Когда засранца мотануло в его баптистские напевы, я отключил слух: мне всегда становится неудобно, когда люди начинают так честно врать, хоть про бога, хоть про еблю, хоть просто ненужного пафоса включают – тяжело слушать. Так что, его зазубренная факин-песня про то, как крошка кончила с первыми рассветными лучами, при звуках See Me, Feel Me, не поразила моего воображения. Ну, кто не знает, что The Who сыграли эту композицию на восходе Третьего дня? Гораздо правдивее прозвучали его признания, что они с супругой там, на Вудстоке, зачали сына, с чьими детьми он теперь поет самопальные псалмы; но тогда, в 1969, наш чистенький милашка-пастор, будучи потным хиппарем с огнеметом вместо члена, сильно сомневался в своем отцовстве. (Ну, правда, а кто ж в это время греб малышку в рюшечках?)

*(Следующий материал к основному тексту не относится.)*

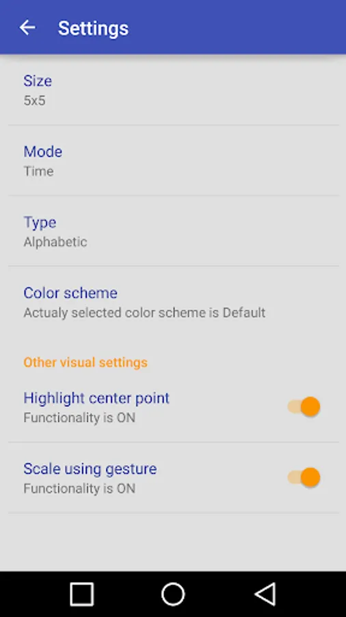 - Training - UNIQUE feature, start from size 1x1 and with each tap, table size increase up to max game size. Newly added cells are highlighted to allow better concentration on border of the table.

- Сегодня-то – но даутс – мой  ребенок, гармонию чувствует, и своим чадам передал. Им, правда, прописывают таблетки от повышенной возбудимости... Но они – дети музыканта и внуки музыканта...

Тут я прикинул, сколько тогда музыкантов было на первом рок-фестивале “Woodstok” и разогнал дым рукой.

 

    ..^..

Наши дни. ЭМИГРАНТКА

Здравствуй, любимый! Клетка свободы захлопнулась, я – по ту сторону океана.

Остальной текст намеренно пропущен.